Automated grading of Linux/bash examinations using large language models: a four-level cognitive taxonomy approach
English summary
This study evaluates four frontier LLMs (GPT, Claude Opus, Gemini, and GLM) on grading 1200 real student responses to Linux/bash command questions across four cognitive levels, from information retrieval to advanced system management. Gemini 3.0 Pro with rubric-enhanced prompting achieved the best human-AI agreement (ICC=0.888, MAE=0.10, bias=-0.014). Agreement consistently decreased as question complexity increased, with largest discrepancies at higher taxonomy levels. Rubric quality had a larger impact than model choice, and structured prompts consistently improved results. The work provides a taxonomy-based framework for deciding which questions are suitable for AI-assisted grading and which need human review, along with reusable evaluation protocols and prompt templates.
Chinese summary
该研究评估了GPT、Claude Opus、Gemini和GLM四个前沿大语言模型,对1200份真实学生的Linux/bash命令考试答案进行评分,考题涵盖从信息检索到高级系统管理的四个认知层级。使用带评分标准提示的Gemini 3.0 Pro取得了最高的人机一致性(ICC=0.888,MAE=0.10,偏差=-0.014)。随着题目认知层级升高,一致性持续下降,高层级题目差异最大。评分标准质量的影响大于模型选择,结构化提示始终能提高一致性。该工作提供了一个基于认知分类法的框架,用于判定哪些题目适合AI辅助评分、哪些需人工复核,同时给出了可复用的评估协议与提示模板。
Key points
Four frontier LLMs (GPT, Claude Opus, Gemini, GLM) were evaluated on grading 1200 real Linux/bash exam responses across four cognitive levels.

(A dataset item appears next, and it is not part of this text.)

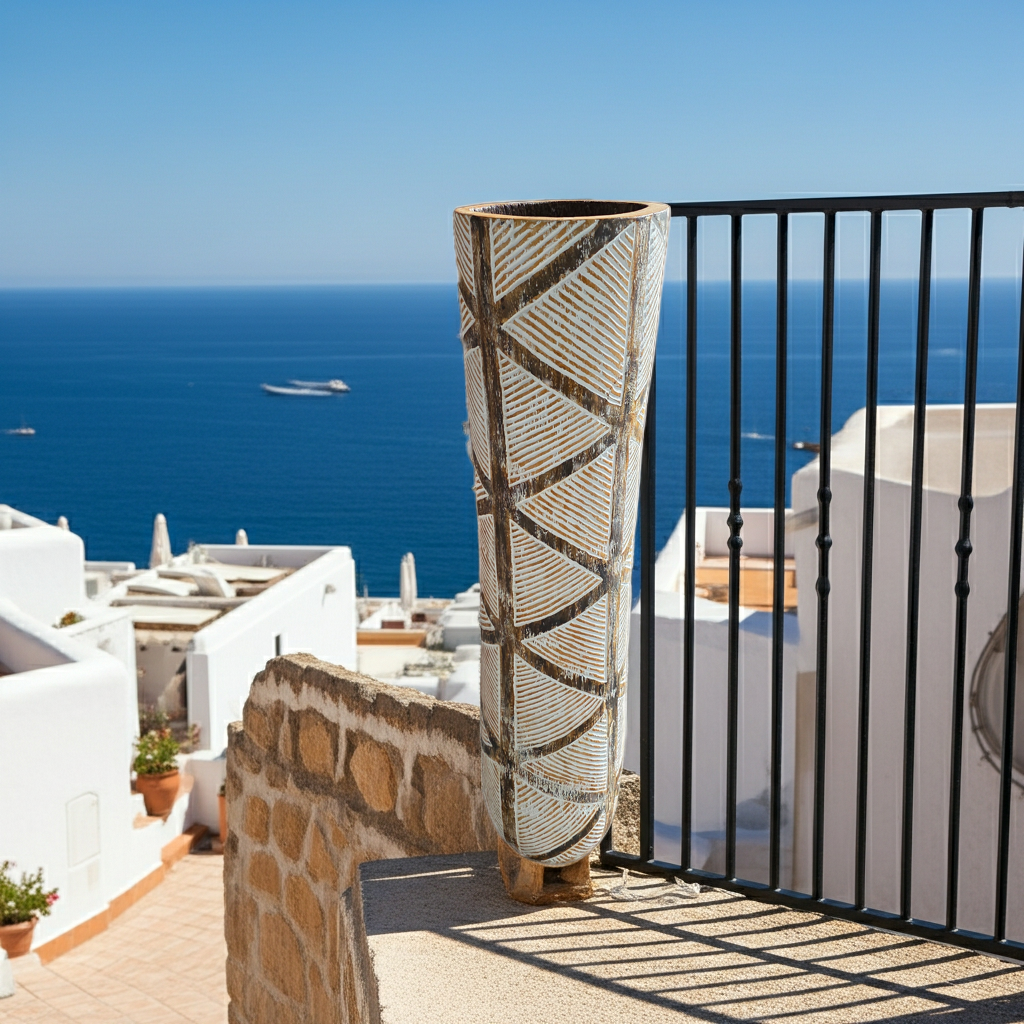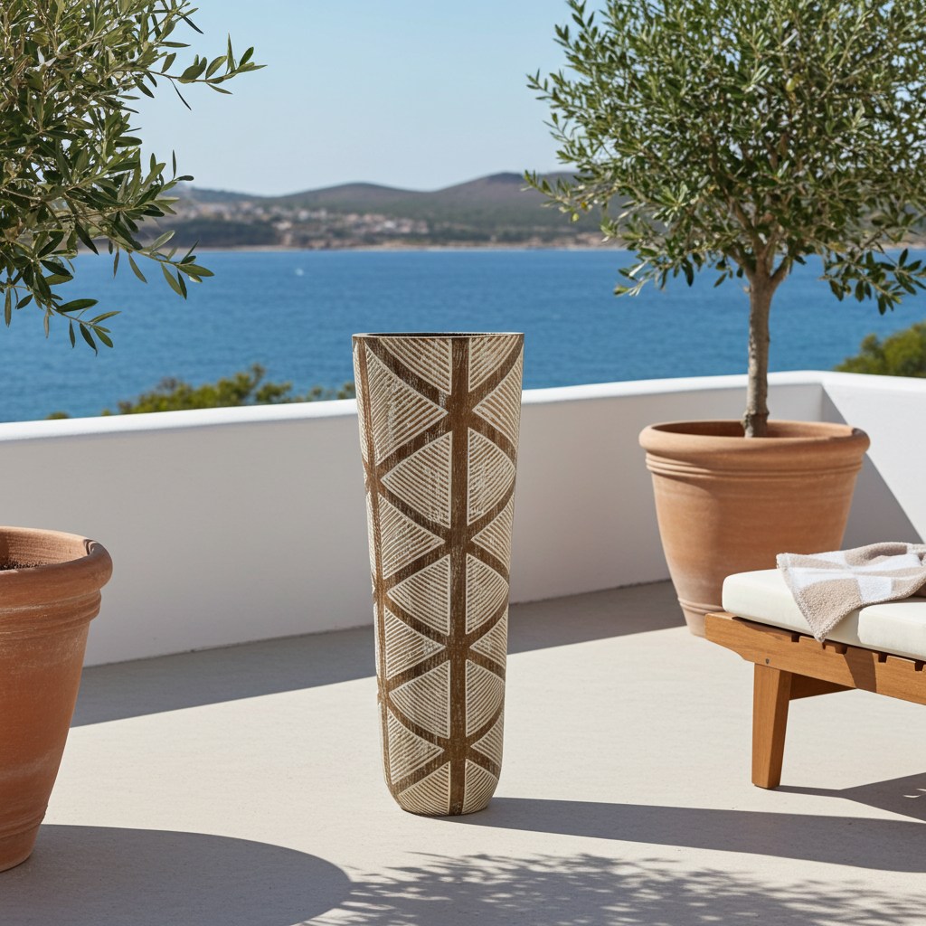 Vaso de chão em madeira com padrões tribais geométricos dourados. Modelo Mojokerto.

评估了GPT、Claude Opus、Gemini和GLM四个大语言模型在四个认知层级上对1200份真实Linux/bash考试答案的评分能力。
Gemini 3.0 Pro with rubric-enhanced prompting achieved the best agreement with human experts (ICC=0.888, MAE=0.10, bias=-0.014).
使用带评分标准提示的Gemini 3.0 Pro与人类专家的一致性最高(ICC=0.888,MAE=0.10,偏差=-0.014)。
Agreement between LLMs and human graders consistently declined as the cognitive complexity of the question increased, with the largest errors at advanced system-management tasks.
随着题目认知复杂度提升,大语言模型与人类评分的一致性持续下降,高级系统管理类题目误差最大。
The quality of the rubric and prompting had a larger effect on grading accuracy than the choice of LLM provider; structured prompts consistently improved agreement.
评分标准和提示质量对评分准确性的影响大于模型选择,结构化提示能够持续提高一致性。
The study establishes a transferable, taxonomy-based framework and evaluation protocol to decide which exam questions are suitable for AI-assisted grading.
研究建立了可迁移的、基于认知分类法的框架和评估协议,用于决定哪些考题适合AI辅助评分。